Чтобы не бледным заревом искусства
Узнали жизни гибельной пожар!
 
А. Блок

   С балкона Моссовета, на глазах у актёров Первой студии, В.И. Ленин, напутствуя отряды молодой Красной Армии, обращается с призывом отстоять обновлённую Отчизну от рвущихся к Москве армий контрреволюции. Вставшие под ружьё рабочие и крестьянские пареньки, дружно держа ряды, маршем уходят на вокзалы… А студия в эти дни превращена в средневековый дворец. В нём мечется несчастный, страдающий шведский монарх.
   Вахтангов репетирует драму Стриндберга «Эрик XIV» с Михаилом Чеховым в главной роли.
   Тягостна судьба короля и человека, раздираемого конфликтами, которые он не в силах преодолеть.
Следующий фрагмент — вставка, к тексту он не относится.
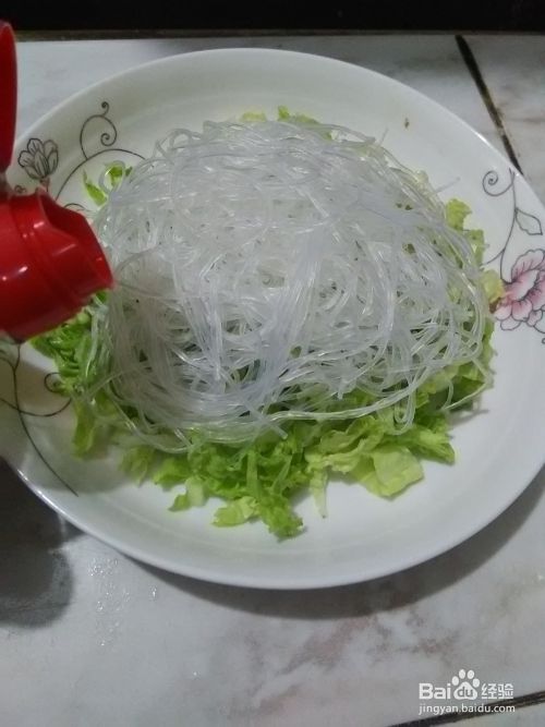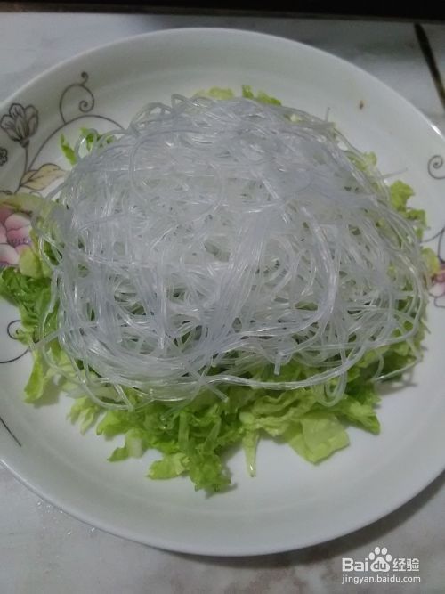 将煮熟的粉丝放在盛白菜的盘子里面。

   «Эрик… — пишет Е. Вахтангов. — Бедный Эрик. Он пылкий поэт. Острый математик, чуткий художник, необузданный фантазёр — обречён быть королём. Честолюбие короля зовёт его протянуть руку через море к Елизавете Английской, сердце которой занято графом Лейстером. И рядом ищущая выхода, мятежная душа художника приводит его в таверну „Сизый голубь“, где он встречает дочь простого солдата, сердце которой занято прапорщиком Монсом… Ему нужен друг, он ищет его среди знати и приближает к себе аристократа Юлленшерна, ибо это „человек прежде всего“. И рядом, в той же таверне „Сизый голубь“, обретает гуляку Персона, негодяя, который кончит на виселице, и делает своим советником, ибо „он друг, он брат, он хороший человек“. Разослав приглашения всей придворной знати на свадебную церемонию, он лично приглашает и прапорщика Монса с его бедными родственниками. Знать отказывается, и он велит созвать нищих с „Водосточной канавы“ и уличных развратниц из кабака.
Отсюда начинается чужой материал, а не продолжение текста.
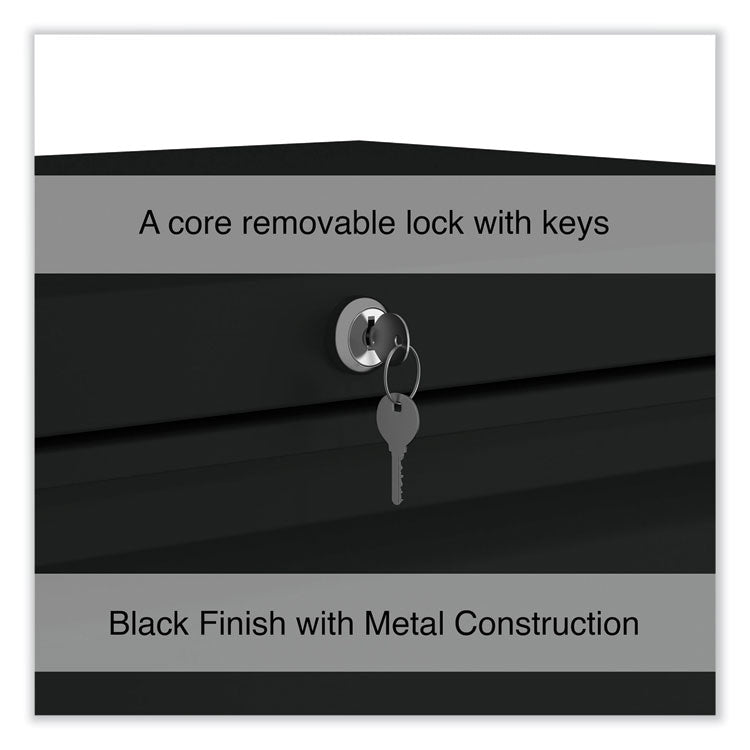 Drawers with side-to-side hang rails to accommodate letter/legal hanging files. Full drawer extension on steel ball bearing telescoping slide suspension helps drawers glide with ease. Stylish, full-width radius edge recessed pulls help to quickly open and close drawers. Anti-tipping interlock system allows only one drawer to open at a time. Single key core removable lock with two keys. Four adjustable leveling glides. Durable powder coated finish helps prevent scratches.

   Совсем как евангельский царь.
   Но вот он бьёт их ногами и клеймит «сволочью». Когда же Юлленшерн хочет остановить чрезмерно разгулявшийся народ, он — милостивый — не позволяет трогать «этих детей». Пусть они веселятся…»
   Образ Эрика внутренне трагичен. Причину метаний и мучительных страданий Эрика Вахтангов хочет увиДеть прежде всего в противоречиях самой королевской власти. Человеческие качества Эрика только обостряют его положение, его трагедию, его гибель. Он уничтожает самого себя тем быстрее, чем тоньше его чувства.
   «…Надо поступить не в ущерб закону и праву», «Я не хочу убивать с тех пор, как со мной мои дети», «Война всегда бесчеловечна», «Что говорит по этому случаю закон» — вот его слова на каждом шагу его странной жизни. И сейчас же, без колебаний, он, подкупает, предлагает убийство, зовёт палача, даже отстранив его, сам берет меч, идёт убивать и убивает…».
   «…Эрик — человек, родившийся для несчастья.
   Эрик создаёт, чтобы разрушить.
   Между омертвевшим миром бледнолицых и бескровных придворных и миром живых и простых людей мечется он, страстно жаждущий покоя, и нет ему, обречённому, места…»
   «…То гневный, то нежный, то высокомерный, то простой, то протестующий, то покорный, верящий в бога и в сатану, то безрассудно-несправедливый, то гениально сообразительный, то беспомощный и растерянный, то молниеносно решительный, то медленный и сомневающийся.
   Бог и ад, огонь и вода. Господин и раб — он, сотканный из контрастов, стиснутый контрастами жизни и смерти, неотвратимо должен сам уничтожить себя. И он погибает.
   Простой народ вспоминает притчу о евангельском царе, придворные трубы играют траурный марш, церемониймейстер относит оставленные Эриком регалии — корону, мантию, державу и скипетр — Следующему, и этот Следующий в ритм похоронной музыки идёт на трон.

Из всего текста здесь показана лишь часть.